Plaza de toros del cielo
Anillo quemante
Rueda del carro de Apolo
Cerilla de los dioses
Mechero inagotable
Lámpara de emergencia de la galaxia
Faro para cometas
Antorcha automática
Farola inapedreable
Candelabro perenne
Suprema bombilla
Segurata del firmamento
Gran Hermano del sistema
Padre del fuego
Abuelo de las chispas
Vitrocerámica del espacio
Rey de los fotones
Candileja del teatro del universo
Monopolista del bronceado
Cenital inapagable
Terror del fotófobo
Contrincante de la noche
Fábrica de fahrenheits
Barbacoa sin humos
Torrefactor del mundo
Tirano del clima
Pirómano impune
Inventor del verano
Hoguera sin excursionistas

          (Podríamos seguir así indefinidamente.)
          ¿Ven como no hay que acomplejarse ante nadie?

Chofismo

 

          Se trata de una enfermedad nueva, de un mal de nuestro tiempo, al que conviene conocer y combatir.
          Alguien te ve alicaído y te pregunta:
          —¿Qué te pasa? Tienes mala cara.
          Y tú respondes:
          —No sé. Estoy así como «chof».
          Eso es el chofismo. (Hasta hace nada se le denominaba «estar con la depre»).
          Ahora, unas disquisiciones pedantolingüísticas sobre el asunto.
          El término ‘chofismo’ no es correcto, aunque tampoco deja de serlo, ya que indicaría «movimiento relacionado con lo chof» o «relativo a lo chof». Nos preguntamos si ‘chofería’ no sería más preciso. Puede que sí, pero entonces podría confundirse con ‘choferería’ o «arte u oficio de chofer».
          ‘Chofitis’ suena más médico, pero tampoco nos vale, pues indica inflamación de algo y el chof no es susceptible de hincharse.
          Sin embargo, es imprescindible hallar una palabra cuanto antes, porque el número de pacientes de este mal aumenta por minutos. Uno de cada dos españoles reconoce haberse sentido chofado al menos una vez en la última semana.
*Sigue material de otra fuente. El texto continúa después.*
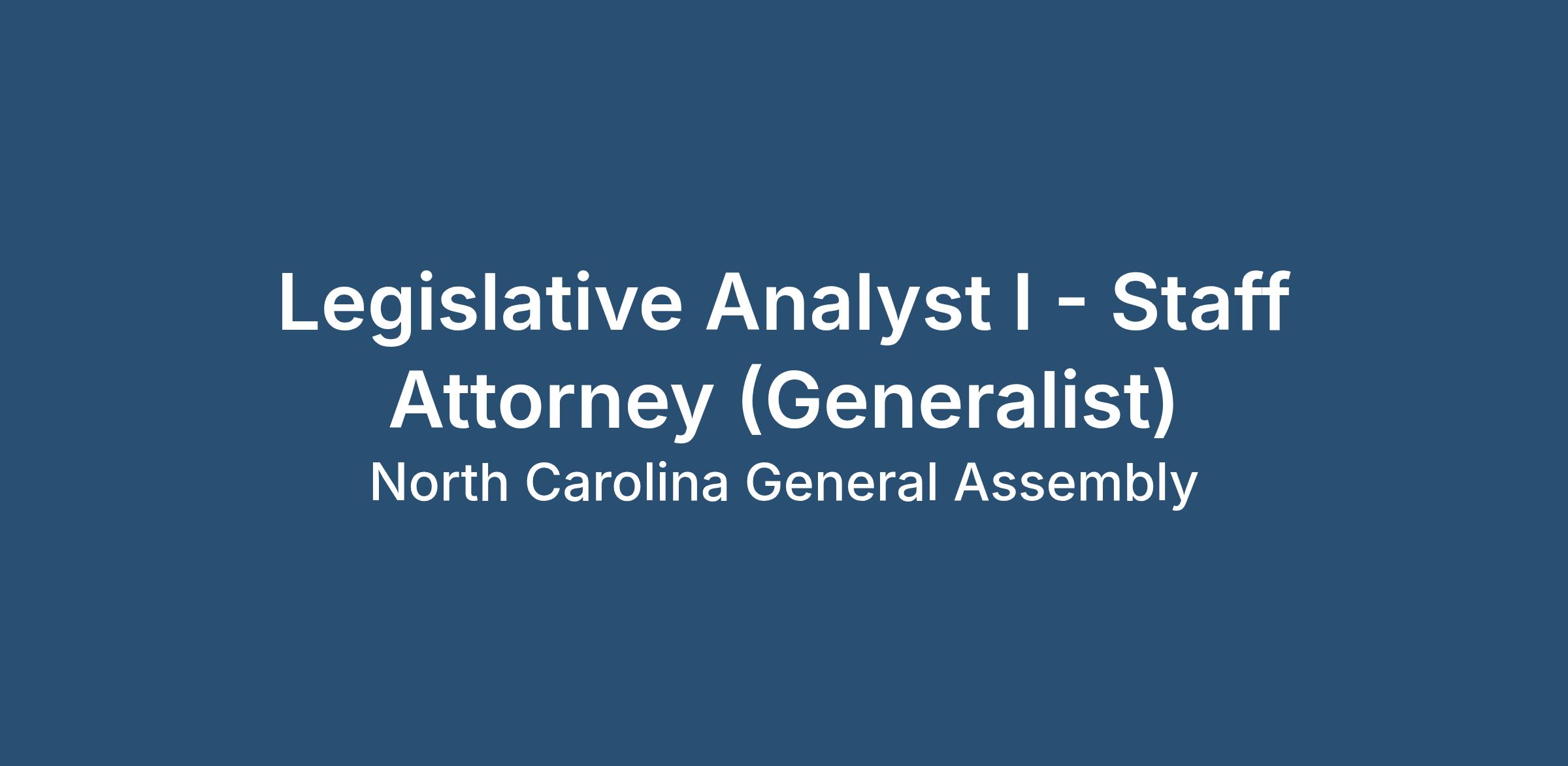 To be considered for the Legislative Analyst I – Staff Attorney position, all applicants must submit an NC General Assembly application and required documents of the application packet by 5:00 P.M. on Friday, April 3, 2026.

Y este porcentaje es mayor en daneses, suecos y finlandeses.
          En espera de una cura para el mal, lo único con lo que yo puedo contribuir al asunto es con la propuesta a la Academia de la inclusión en el DRAE del verbo ‘chofarse’, en su forma reflexiva, porque no sé si sería de buen gusto que el verbo fuera transitivo y se pudiese chofar al vecino.
          Tendríamos usos útiles, como en los siguientes ejemplos:
          «Al ver sus notas del examen de matemáticas, Juanito se chofó
          «Mi novia es muy alegre y no se chofa con frecuencia.»
          «Como no consiga ese empleo me chofaré mucho.»
          El verbo es regular y puede emplearse en los tiempos y formas verbales que más nos apetezcan.
          En imperativo: «¡Anímate! No te chofes por tan poca cosa.»
          En subjuntivo: «Si me chofara (o chofase) tú serías el primero en saberlo.»
          En las formas más complejas del indicativo (como el pretérito anterior): «Después de que se hubo chofado, Luis se fue animando.»
          La familia léxica añadiría riqueza de matices a nuestra lengua: «Es una noticia muy chofante.» «Este médico es uno de los mejores chofólogos del país.» «A Pedro le gusta estar triste: es un chofófilo redomado.»
          Y no sigo con esto porque creo que a esta onomatopeya ya le hemos sacado bastante jugo y porque contemplar cómo se va deteriorando nuestra lengua es algo que a mí también me deja chof.

Harun al-Raschid

 

Según se cuenta en Las mil y una noches, el Califa de Bagdad Harun al-Rashid (766-809), de la dinastía abasí, gustaba de disfrazarse de cosas raras y mezclarse entre su pueblo, para enterarse de cotilleos y correr aventuras, hasta que dejó de hacerlo de un día para otro. Los historiadores especulan con que esto se debió a que oyó que sus súbditos decían de él cosas que no le agradaron especialmente y que le designaban con palabras que no es de buen gusto escribir. Pero ésta no fue la verdadera razón. Si ustedes quieren conocerla, lean esta comedieta.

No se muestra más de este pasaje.